Language processing utilities for the Kalosm framework.

The language part of Kalosm has a few core parts:

Text Generation Models

Model and ModelExt are the core traits for text generation models. Any model that implements these traits can be used with Kalosm.

The simplest way to use a model is to create a llama model and call stream_text on it:

use kalosm::language::*;
#[tokio::main]
async fn main() {
    let mut llm = Llama::new().await.unwrap();
    let prompt = "The following is a 300 word essay about why the capital of France is Paris:";
    print!("{prompt}");
    // Any model that implements the [`TextCompletionModel`] trait can be used to stream text
    let mut stream = llm.complete(prompt);
    // You can then use the stream however you need. to_std_out will print the text to the console as it is generated
    stream.to_std_out().await.unwrap();
}

Tasks

You can define a Task with a description then run it with an input. The task will cache the description to repeated calls faster. Tasks work with chat models.

use kalosm::language::*;
#[tokio::main]
async fn main() {
    // Create a new model
    let model = Llama::new_chat().await.unwrap();
    // Create a new task that summarizes text
    let task = model.task("You take a long description and summarize it into a single short sentence");
    let mut output = task(&"You can define a Task with a description then run it with an input. The task will cache the description to repeated calls faster. Tasks work with chat models.");
    // Then stream the output to the console
    output.to_std_out().await.unwrap();
}

Structured Generation

Structured generation gives you more control over the output of the text generation.

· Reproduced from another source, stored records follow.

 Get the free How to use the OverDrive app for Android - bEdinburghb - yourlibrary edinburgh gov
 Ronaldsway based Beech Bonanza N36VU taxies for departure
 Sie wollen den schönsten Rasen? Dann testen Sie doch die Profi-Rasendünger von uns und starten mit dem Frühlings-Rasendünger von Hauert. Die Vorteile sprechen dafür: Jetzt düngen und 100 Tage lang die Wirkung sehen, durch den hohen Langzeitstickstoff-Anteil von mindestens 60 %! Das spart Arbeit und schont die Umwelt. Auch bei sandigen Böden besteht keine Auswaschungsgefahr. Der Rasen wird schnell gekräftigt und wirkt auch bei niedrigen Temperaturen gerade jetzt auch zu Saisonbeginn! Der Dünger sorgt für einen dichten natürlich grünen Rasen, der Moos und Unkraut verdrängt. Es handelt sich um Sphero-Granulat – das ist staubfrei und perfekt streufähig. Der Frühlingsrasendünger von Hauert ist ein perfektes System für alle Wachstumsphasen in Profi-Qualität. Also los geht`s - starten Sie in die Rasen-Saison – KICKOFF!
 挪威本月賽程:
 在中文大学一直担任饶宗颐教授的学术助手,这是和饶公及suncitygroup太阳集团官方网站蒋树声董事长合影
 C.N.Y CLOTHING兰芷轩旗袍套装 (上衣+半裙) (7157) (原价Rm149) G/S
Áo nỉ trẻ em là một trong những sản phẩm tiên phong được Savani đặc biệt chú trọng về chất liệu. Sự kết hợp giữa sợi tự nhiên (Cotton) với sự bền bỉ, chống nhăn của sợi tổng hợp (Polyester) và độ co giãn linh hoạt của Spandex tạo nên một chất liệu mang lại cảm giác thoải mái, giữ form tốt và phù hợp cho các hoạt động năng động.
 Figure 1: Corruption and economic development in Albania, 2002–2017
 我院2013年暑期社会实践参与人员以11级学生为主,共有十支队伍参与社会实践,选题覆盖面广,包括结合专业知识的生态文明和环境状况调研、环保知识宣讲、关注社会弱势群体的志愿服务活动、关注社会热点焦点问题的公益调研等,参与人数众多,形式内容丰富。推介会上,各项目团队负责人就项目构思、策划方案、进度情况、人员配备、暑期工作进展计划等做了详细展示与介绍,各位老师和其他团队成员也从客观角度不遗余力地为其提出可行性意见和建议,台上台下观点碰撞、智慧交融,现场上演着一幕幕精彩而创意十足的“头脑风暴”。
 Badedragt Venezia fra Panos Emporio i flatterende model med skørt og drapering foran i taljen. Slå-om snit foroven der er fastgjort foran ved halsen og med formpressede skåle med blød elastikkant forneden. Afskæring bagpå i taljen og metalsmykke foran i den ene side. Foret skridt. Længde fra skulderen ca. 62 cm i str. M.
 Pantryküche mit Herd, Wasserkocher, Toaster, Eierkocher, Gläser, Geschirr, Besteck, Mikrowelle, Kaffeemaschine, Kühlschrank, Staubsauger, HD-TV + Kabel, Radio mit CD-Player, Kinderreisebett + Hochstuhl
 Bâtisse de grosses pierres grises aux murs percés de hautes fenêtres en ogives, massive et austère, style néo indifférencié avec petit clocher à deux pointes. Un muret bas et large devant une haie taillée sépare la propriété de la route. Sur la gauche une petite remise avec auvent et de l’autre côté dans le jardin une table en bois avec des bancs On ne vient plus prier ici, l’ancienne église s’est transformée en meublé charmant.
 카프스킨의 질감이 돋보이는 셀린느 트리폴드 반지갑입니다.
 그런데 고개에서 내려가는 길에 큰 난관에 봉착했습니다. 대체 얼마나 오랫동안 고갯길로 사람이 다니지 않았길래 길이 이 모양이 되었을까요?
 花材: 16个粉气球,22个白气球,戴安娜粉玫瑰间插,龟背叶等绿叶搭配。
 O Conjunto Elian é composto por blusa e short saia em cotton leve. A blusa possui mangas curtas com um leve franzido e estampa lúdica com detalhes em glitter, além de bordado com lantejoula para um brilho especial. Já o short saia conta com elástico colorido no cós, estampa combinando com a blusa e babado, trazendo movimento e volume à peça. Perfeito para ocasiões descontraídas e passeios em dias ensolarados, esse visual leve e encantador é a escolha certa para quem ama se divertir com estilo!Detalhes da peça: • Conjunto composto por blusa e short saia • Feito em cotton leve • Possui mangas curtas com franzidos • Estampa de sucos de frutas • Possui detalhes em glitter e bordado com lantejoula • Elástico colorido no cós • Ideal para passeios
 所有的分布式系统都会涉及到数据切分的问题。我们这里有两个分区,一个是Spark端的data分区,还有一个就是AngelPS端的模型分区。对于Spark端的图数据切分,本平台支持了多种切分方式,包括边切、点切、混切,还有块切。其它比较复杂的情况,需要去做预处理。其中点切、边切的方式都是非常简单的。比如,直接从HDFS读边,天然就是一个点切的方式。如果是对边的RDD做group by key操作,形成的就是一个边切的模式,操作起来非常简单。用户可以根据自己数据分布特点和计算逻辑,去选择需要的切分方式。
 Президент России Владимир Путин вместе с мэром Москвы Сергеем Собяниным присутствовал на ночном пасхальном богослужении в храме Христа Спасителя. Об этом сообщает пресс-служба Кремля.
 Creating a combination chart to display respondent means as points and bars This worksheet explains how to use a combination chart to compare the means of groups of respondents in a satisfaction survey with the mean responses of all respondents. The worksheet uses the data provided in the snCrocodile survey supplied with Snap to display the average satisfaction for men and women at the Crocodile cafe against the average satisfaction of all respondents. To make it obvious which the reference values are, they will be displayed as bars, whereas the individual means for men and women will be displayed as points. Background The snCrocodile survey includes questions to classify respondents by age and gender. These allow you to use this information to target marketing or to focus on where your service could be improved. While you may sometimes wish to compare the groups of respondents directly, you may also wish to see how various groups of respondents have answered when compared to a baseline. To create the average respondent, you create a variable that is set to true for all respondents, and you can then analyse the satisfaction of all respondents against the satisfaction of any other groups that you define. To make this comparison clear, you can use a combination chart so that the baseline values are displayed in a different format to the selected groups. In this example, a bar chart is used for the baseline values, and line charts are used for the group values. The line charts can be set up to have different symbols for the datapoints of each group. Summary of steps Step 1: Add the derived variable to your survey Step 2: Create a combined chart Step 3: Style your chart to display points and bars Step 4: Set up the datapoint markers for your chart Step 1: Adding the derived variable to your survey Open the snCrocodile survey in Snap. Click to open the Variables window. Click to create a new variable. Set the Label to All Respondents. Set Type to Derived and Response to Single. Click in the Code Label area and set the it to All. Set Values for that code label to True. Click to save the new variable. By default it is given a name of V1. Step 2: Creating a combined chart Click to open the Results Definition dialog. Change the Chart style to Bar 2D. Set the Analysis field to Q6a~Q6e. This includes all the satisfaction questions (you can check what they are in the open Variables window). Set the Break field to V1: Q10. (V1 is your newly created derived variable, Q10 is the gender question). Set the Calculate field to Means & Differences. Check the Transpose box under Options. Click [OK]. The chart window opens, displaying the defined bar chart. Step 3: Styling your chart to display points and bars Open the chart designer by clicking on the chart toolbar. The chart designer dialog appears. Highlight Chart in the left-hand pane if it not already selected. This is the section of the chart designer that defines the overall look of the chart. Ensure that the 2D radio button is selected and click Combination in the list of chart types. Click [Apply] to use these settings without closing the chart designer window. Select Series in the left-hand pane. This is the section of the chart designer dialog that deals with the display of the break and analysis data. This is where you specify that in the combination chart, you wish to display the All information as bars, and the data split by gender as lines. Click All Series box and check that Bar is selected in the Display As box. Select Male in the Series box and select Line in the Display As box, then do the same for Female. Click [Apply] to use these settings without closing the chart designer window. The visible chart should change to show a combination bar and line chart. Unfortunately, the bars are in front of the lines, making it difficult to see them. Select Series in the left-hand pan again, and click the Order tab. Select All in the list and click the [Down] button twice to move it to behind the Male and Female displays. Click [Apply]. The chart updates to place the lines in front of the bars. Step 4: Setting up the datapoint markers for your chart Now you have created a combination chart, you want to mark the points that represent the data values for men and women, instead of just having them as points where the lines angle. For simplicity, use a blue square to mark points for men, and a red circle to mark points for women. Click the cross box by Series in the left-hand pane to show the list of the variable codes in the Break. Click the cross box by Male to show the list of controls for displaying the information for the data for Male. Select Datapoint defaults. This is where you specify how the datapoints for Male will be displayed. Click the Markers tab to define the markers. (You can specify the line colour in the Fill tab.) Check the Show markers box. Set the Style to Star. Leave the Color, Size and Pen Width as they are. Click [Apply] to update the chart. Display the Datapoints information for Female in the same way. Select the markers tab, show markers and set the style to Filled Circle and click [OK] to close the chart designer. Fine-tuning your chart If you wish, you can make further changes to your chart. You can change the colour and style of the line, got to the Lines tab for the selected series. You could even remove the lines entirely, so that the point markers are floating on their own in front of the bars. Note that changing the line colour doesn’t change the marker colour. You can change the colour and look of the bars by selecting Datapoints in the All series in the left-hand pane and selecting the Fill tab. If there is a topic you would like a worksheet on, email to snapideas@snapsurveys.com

You can derive a parser for your data to easily get structured data out of an LLM:

use kalosm::language::*;
#[derive(Parse, Clone)]
struct Pet {
    name: String,
    age: u32,
    description: String,
}

Then you can generate text that works with the parser in a Task:

# use kalosm::language::*;
# use std::sync::Arc;
#[derive(Parse, Debug, Clone)]
struct Pet {
    name: String,
    age: u32,
    description: String,
}

#[tokio::main]
async fn main() {
    // First create a model. Chat models tend to work best with structured generation
    let model = Llama::new_chat().await.unwrap();
    // Then create a parser for your data. Any type that implements the `Parse` trait has the `new_parser` method
    let parser = Arc::new(Pet::new_parser());
    // Then create a task with the parser as constraints
    let task = model.task("You generate realistic JSON placeholders")
        .with_constraints(parser);
    // Finally, run the task
    let pet: Pet = task(&"Generate a pet in the form {\"name\": \"Pet name\", \"age\": 0, \"description\": \"Pet description\"}").await.unwrap();
    println!("{pet:?}");
}

Embedding Models

Embedder and EmbedderExt are the core traits for text embedding models. Any model that implements these traits can be used with Kalosm.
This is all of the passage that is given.